Given these entries, repeat exactly the lines starting with the one that has "9/22(火・祝)からは『#刀剣乱舞マンチョコ』も発売決定❗" and going on through the one that has "We're finally Steam", both included, but none of the pictures.

Records from a data source
== == ==

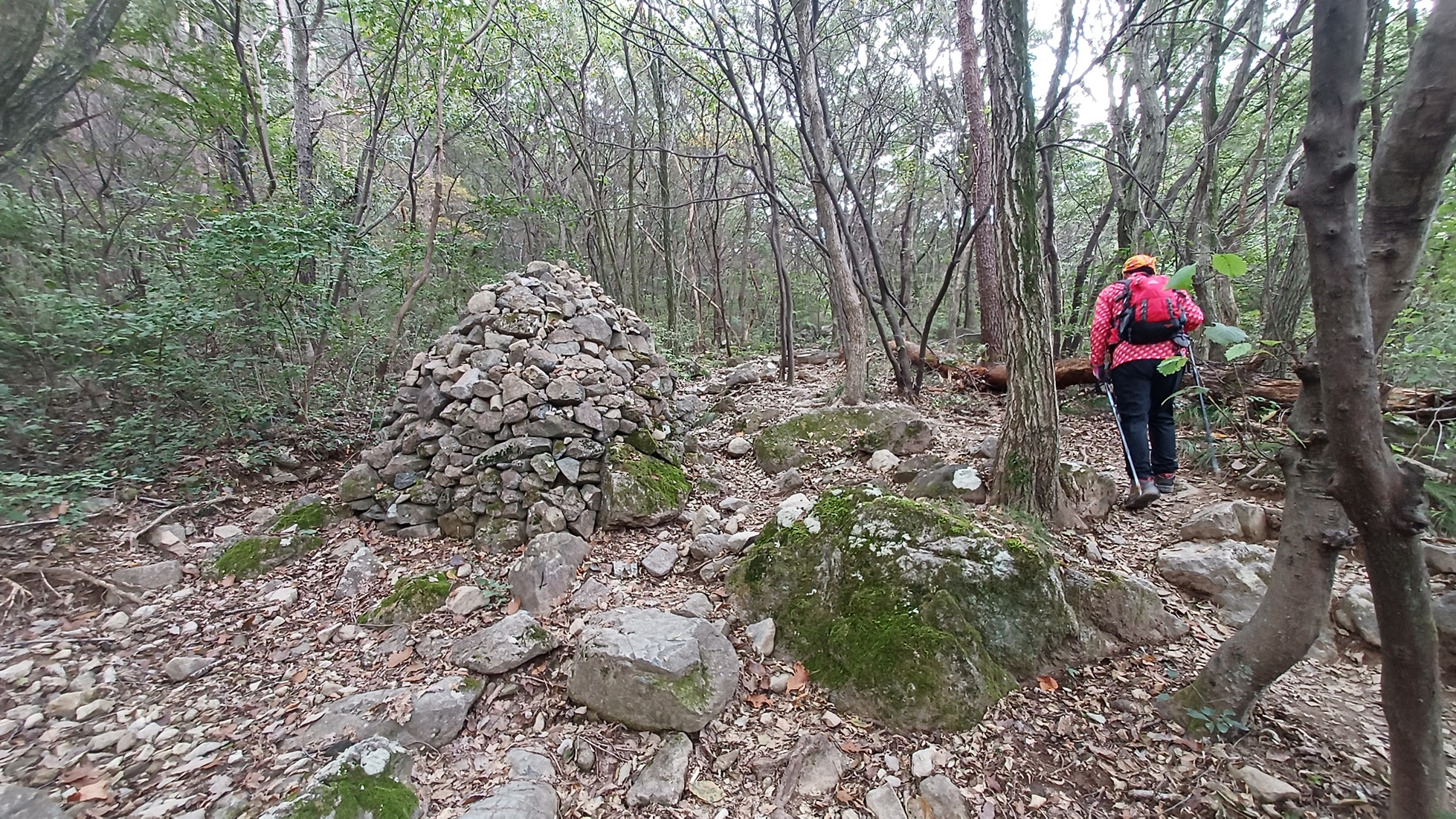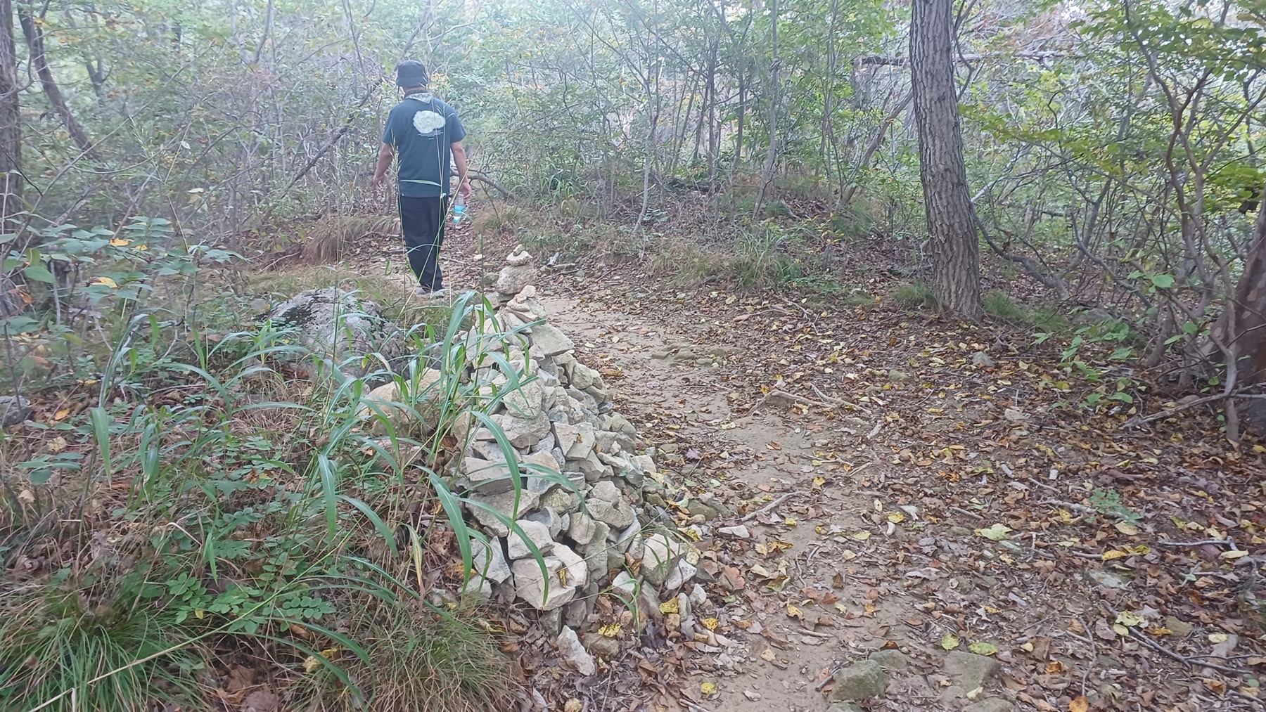 조그만한 돌탑 지점에서 좌측으로 휘어져 내려가면
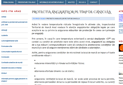 Având în vedere temperaturile ridicate înregistrate în ultimele zile, Inspectoratele Teritoriale de Muncă readuc în atenția angajatorilor obligațiile legale pe care aceștia le au cu privire la asigurarea măsurilor de protecție în ceea ce-i privește pe angajați. Prin urmare, în cazul în care temperatura exterioară...ITM (oficial - iunie 2021) - precizări cu privire la protecția angajaților pe timp de caniculă, dar si posibile controale
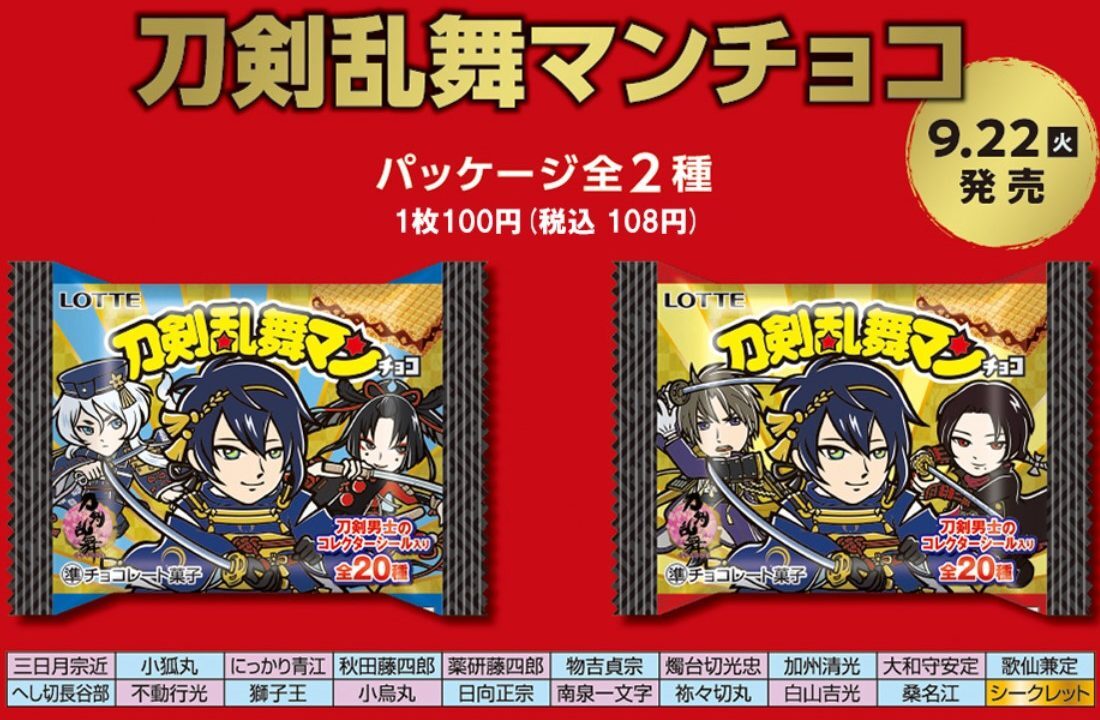 9/22(火・祝)からは『#刀剣乱舞マンチョコ』も発売決定❗
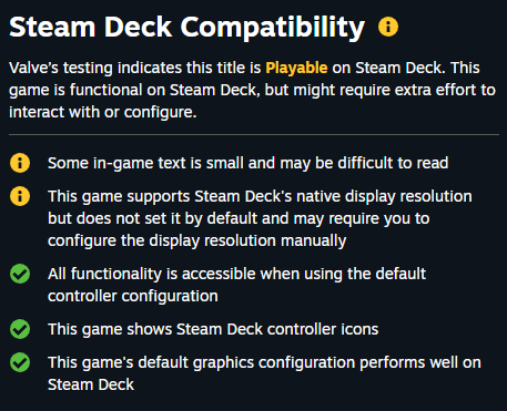 We're finally Steam Deck Playable! đđ While we're not fully verified yet, we are one step closer to that goal. To get the verified status, we still need to work on increasing font sizes in several parts of the UI and make the deck's native resolution the default one.
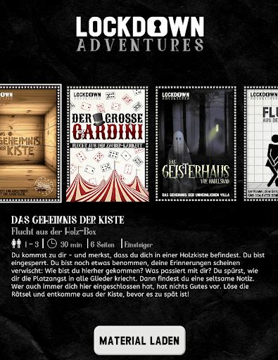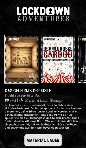 Zu jeder Escape-Room-Mission gehört ein Rätsel-Dokument, das du vor dem Spielen ausdrucken musst. Dort findest du alle Aufgaben, die für das Spiel benötigt werden. Die Unterlagen müssen zum Lösen der Rätsel oft beschrieben, gefaltet, zerschnitten und wieder zusammengeklebt werden. Die liebevoll in Szene gesetzten Rätsel machen Lust auf mehr! Die LOCKDOWN Adventures-App gibt dem Escape Room seinen Rahmen – hier werden die Lösungs-Kombinationen der Rätsel eingegeben. Außerdem gibt es Story-Fragmente, atmosphärische Hintergrundmusik und Hinweise, falls du mal nicht weiterkommen solltest.
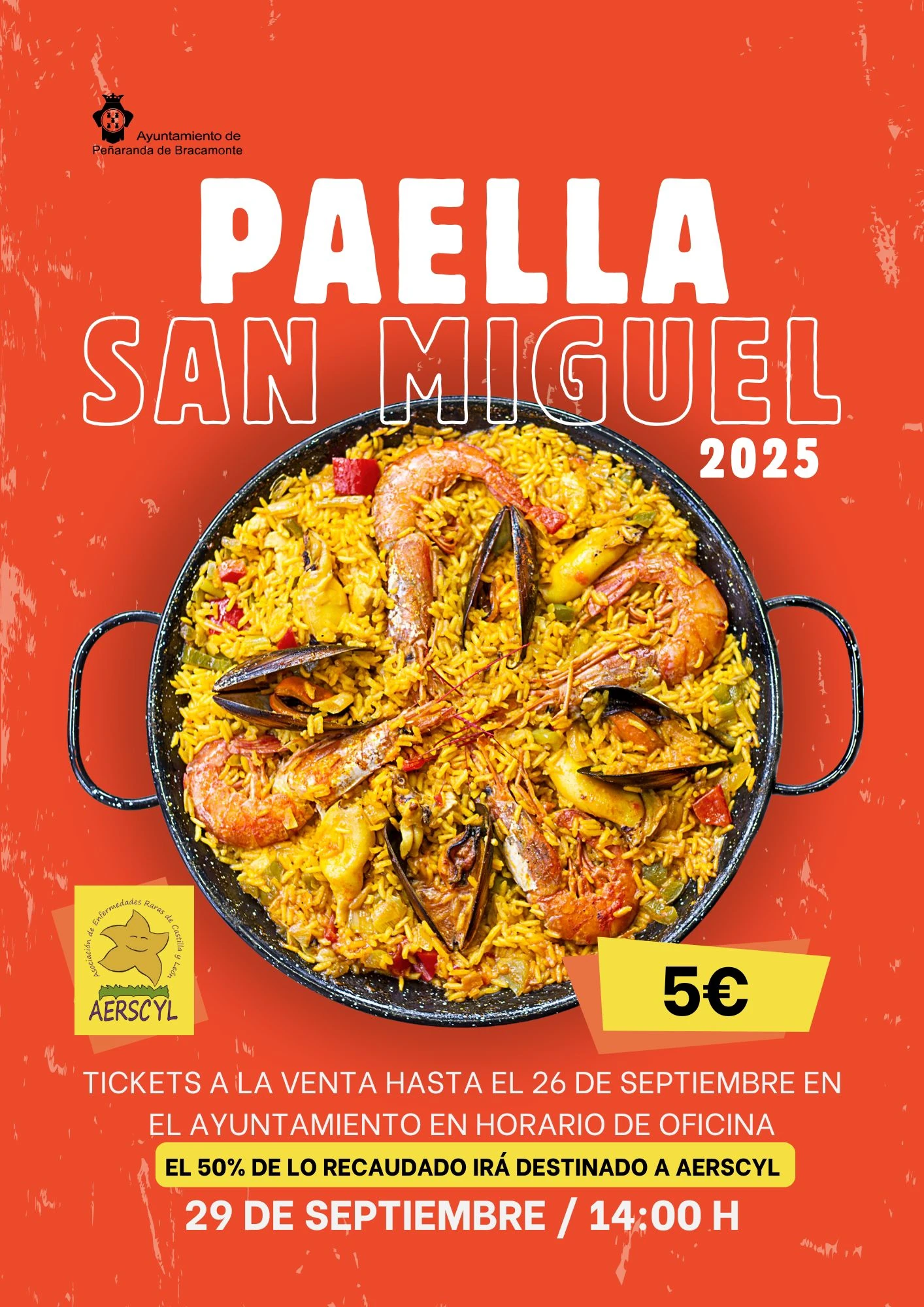 14:00 h. Paella popular a beneficio de Aerscyl (5 €, donativo de 2,5 € a Aerscyl). Los tickets se pueden adquirir en el Ayuntamiento hasta el 26 de septiembre.

== == ==

- Reply to the exercise
 9/22(火・祝)からは『#刀剣乱舞マンチョコ』も発売決定❗
 We're finally Steam Deck Playable! đđ While we're not fully verified yet, we are one step closer to that goal. To get the verified status, we still need to work on increasing font sizes in several parts of the UI and make the deck's native resolution the default one.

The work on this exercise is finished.